How to Debug Zephyr‑Based IoT Devices: Proven Remote‑Monitoring Practices

The Linux Foundation’s Zephyr Open Source Project has become the cornerstone for countless IoT solutions. With a lightweight, scalable, real‑time operating system (RTOS) engineered for resource‑constrained devices, Zephyr supports a broad spectrum of architectures—ARC, Arm, Intel, Nios, RISC‑V, SPARC, Tensilica—and more than 250 boards. Today, the project boasts 1,000 contributors and 50,000 commits, continuously expanding its multi‑architecture reach.

Developing for Zephyr demands attention to reliability. Issues that surface in the lab often disappear only when devices scale, or when network stacks evolve. A robust strategy for remote monitoring and debugging is essential to detect, diagnose, and resolve problems before they translate into costly downtime.

Consider our work with GPS trackers for farm‑animal monitoring. Each collar had to operate seamlessly across multiple cellular networks, countries, and roaming zones. Unexpected power drain due to misconfiguration would have translated into significant economic loss. We needed not just to flag the issue, but to understand its root cause and deploy a fix—hence the need for real‑time, remote observability.

We combined Zephyr with Memfault, a cloud‑based device observability platform, to build a monitoring stack that covers firmware updates, reboots, watchdogs, faults, asserts, and connectivity metrics.

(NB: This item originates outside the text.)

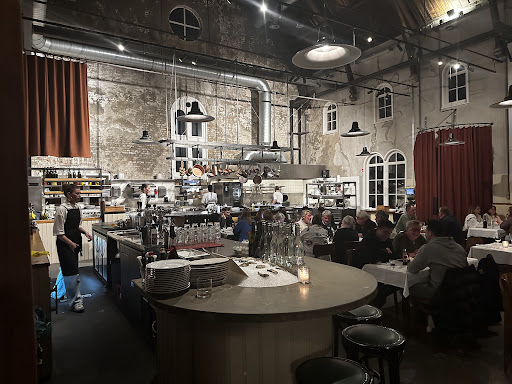Stepping inside, the dimly lit, cavernous industrial space feels like a welcome refuge. With our reservations in place, we were swiftly led to a table along the far wall, offering a somewhat oblique view of the kitchen. We didn’t mind—it felt private.

Setting Up an Observability Platform

Memfault empowers developers to monitor, debug, and roll out firmware changes remotely, enabling:

Graceful production rollouts that avoid freezes
Continuous health monitoring of device fleets
Zero‑downtime patches delivered before users notice a hiccup

Integrating the Memfault SDK into Zephyr is straightforward: add the module to your west.yml manifest and enable it in prj.conf.

# west.yml
[ ... ]
    - name: memfault-firmware-sdk
      url: https://github.com/memfault/memfault-firmware-sdk
      path: modules/memfault-firmware-sdk
      revision: master

# prj.conf
CONFIG_MEMFAULT=y
CONFIG_MEMFAULT_HTTP_ENABLE=y

1️⃣ Focus on Reboots

Increased reset rates are often the first sign of a deeper issue—hardware degradation, firmware bugs, or network anomalies. By distinguishing between hardware and software resets, you can pinpoint whether a fault is widespread or isolated to a subset of devices.

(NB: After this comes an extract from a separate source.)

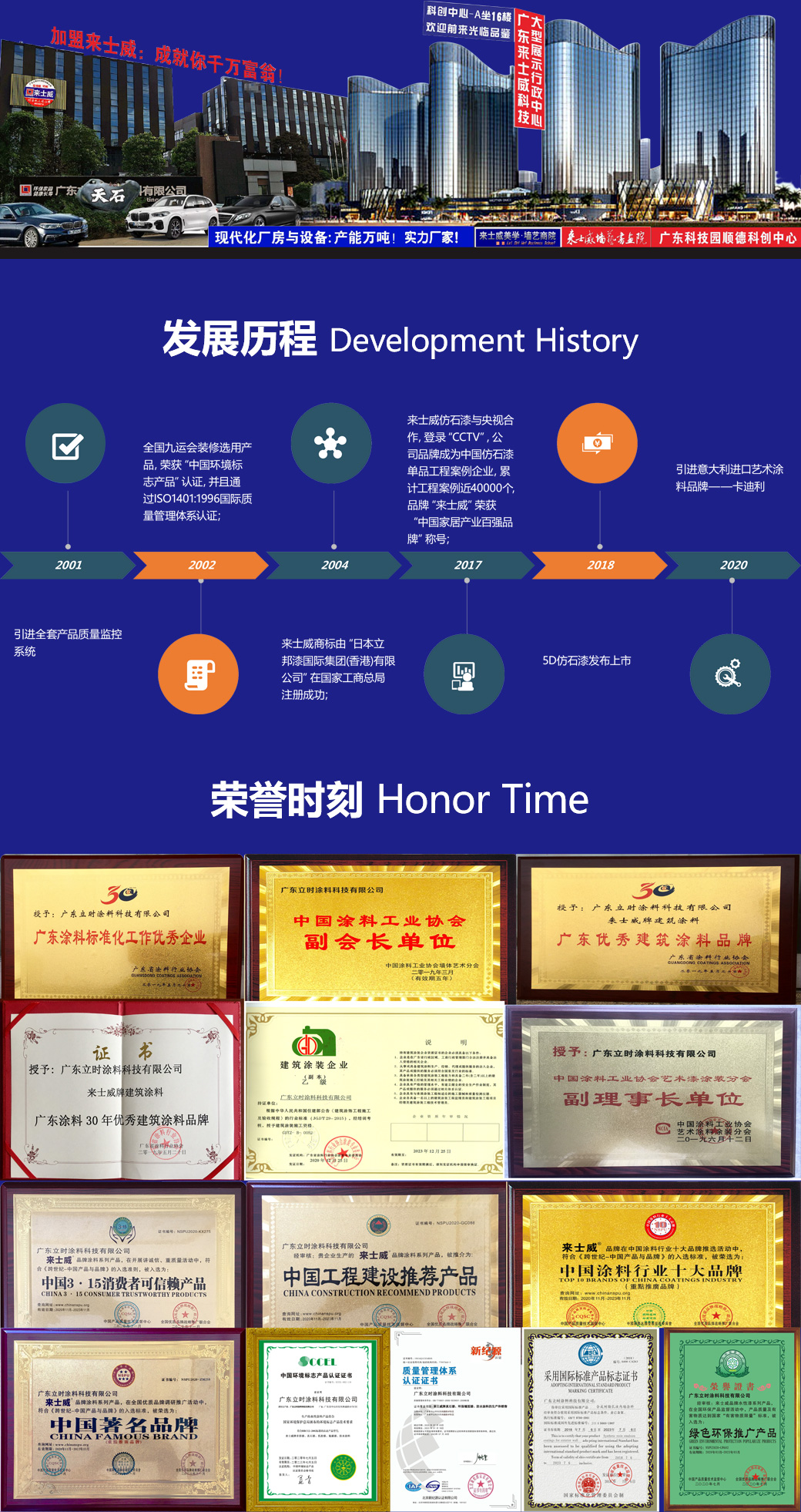 廣東立時涂料科技集研發(fā)、生產(chǎn)、銷售、服務(wù)于一體的綜合性高科技、大型專業(yè)化涂料公司;公司自成立以來,始終堅持以“質(zhì)量與技術(shù),品質(zhì)與服務(wù),品牌與創(chuàng)新”為核心理念!產(chǎn)品主要包括仿石漆大系列、工程漆大系列、藝術(shù)漆系列,墻面木器水漆系列、無機涂料隔熱漆,創(chuàng)新恒溫仿石漆系列、紅木家具專漆系列、地坪漆、金屬氟碳漆以及國防工業(yè)漆等產(chǎn)品。“立時涂料科技”經(jīng)過近二十年年的發(fā)展,產(chǎn)品遠(yuǎn)銷亞洲、非洲、歐美等國家,享有很高的美譽度和知名度。憑借其先進(jìn)的技術(shù)和管理,產(chǎn)品出口歐美、非洲、中東以及東南亞等國家,并獲得合作伙伴的高度贊譽。產(chǎn)品遠(yuǎn)銷亞洲、非洲、歐美等國家,享有很高的美譽度和知名度。憑借其先進(jìn)的技術(shù)和管理,產(chǎn)品出口歐美、非洲、中東以及東南亞等國家,并獲得合作伙伴的高度贊譽。公司為中國鐵建五局、八局十二局等、中建三局六局等、北京一建、上海三建,美的置業(yè)、保利地產(chǎn)等大型地產(chǎn)公司和建筑公司提供優(yōu)質(zhì)涂飾產(chǎn)品。

Record the reason before a reboot

void fw_update_finish(void) {
    // …
    memfault_reboot_tracking_mark_reset_imminent(kMfltRebootReason_FirmwareUpdate, ...);
    sys_reboot(0);
}

Zephyr preserves a user‑defined region across resets; Memfault hooks into this to capture the reboot context. After a reboot, register an init handler to read the hardware reset reason and send it to the cloud.

static int record_reboot_reason(void) {
    // 1. Read hardware reset reason register (refer to MCU datasheet)
    // 2. Capture software reset reason from noinit RAM
    // 3. Send data to server for aggregation
}
SYS_INIT(record_reboot_reason, APPLICATION, CONFIG_KERNEL_INIT_PRIORITY_DEFAULT);

Example: a power‑supply defect can manifest as thousands of reboots in a short period. Figure 1 shows a fleet where 99 % of 12,000 reboots per day are attributed to just ten devices—likely a mechanical or battery issue. Firmware updates can mitigate such problems, but remote monitoring lets you detect and address them before they cascade.

click for full size image

How to Debug Zephyr‑Based IoT Devices: Proven Remote‑Monitoring Practices

Figure 1: Power Supply Issue, Reboots Over 15 Days. (Source: Authors)

12K device reboots a day – too many
99% of reboots from 10 devices
Mechanical defect causing constant resets

2️⃣ Leverage Watchdogs

Watchdogs are your last line of defense against hangs—whether caused by blocked network stacks, infinite loops, deadlocks, or memory corruption. Zephyr exposes a unified watchdog API that abstracts hardware differences.

void start_watchdog(void) {
    struct device *s_wdt = device_get_binding(DT_LABEL(DT_INST(0, nordic_nrf_watchdog)));
    struct wdt_timeout_cfg wdt_config = {
        .flags = WDT_FLAG_RESET_SOC,
        .window.min = 0U,
        .window.max = WDT_MAX_WINDOW,
    };
    s_wdt_channel_id = wdt_install_timeout(s_wdt, &wdt_config);
    const uint8_t options = WDT_OPT_PAUSE_HALTED_BY_DBG;
    wdt_setup(s_wdt, options);
}

void feed_watchdog(void) {
    wdt_feed(s_wdt, s_wdt_channel_id);
}

For the Nordic nRF9160, the typical workflow is:

Configure the device tree for the watchdog.
Set parameters via the API.
Install the watchdog.
Periodically feed it; a missed feed triggers a reboot and a Zephyr fault handler.

Memfault captures the pre‑reset state, allowing you to trace back to the offending code path. Example: an SPI driver that becomes stuck after 16 months of deployment is revealed by a watchdog‑initiated fault. Figure 2 illustrates the timeline and degradation, while Figure 3 shows the fault‑handler register dump.

click for full size image

Figure 2: SPI Driver Stuck Example. (Source: Authors)

click for full size image

Figure 3: Fault Handler Example, Register Dump. (Source: Authors)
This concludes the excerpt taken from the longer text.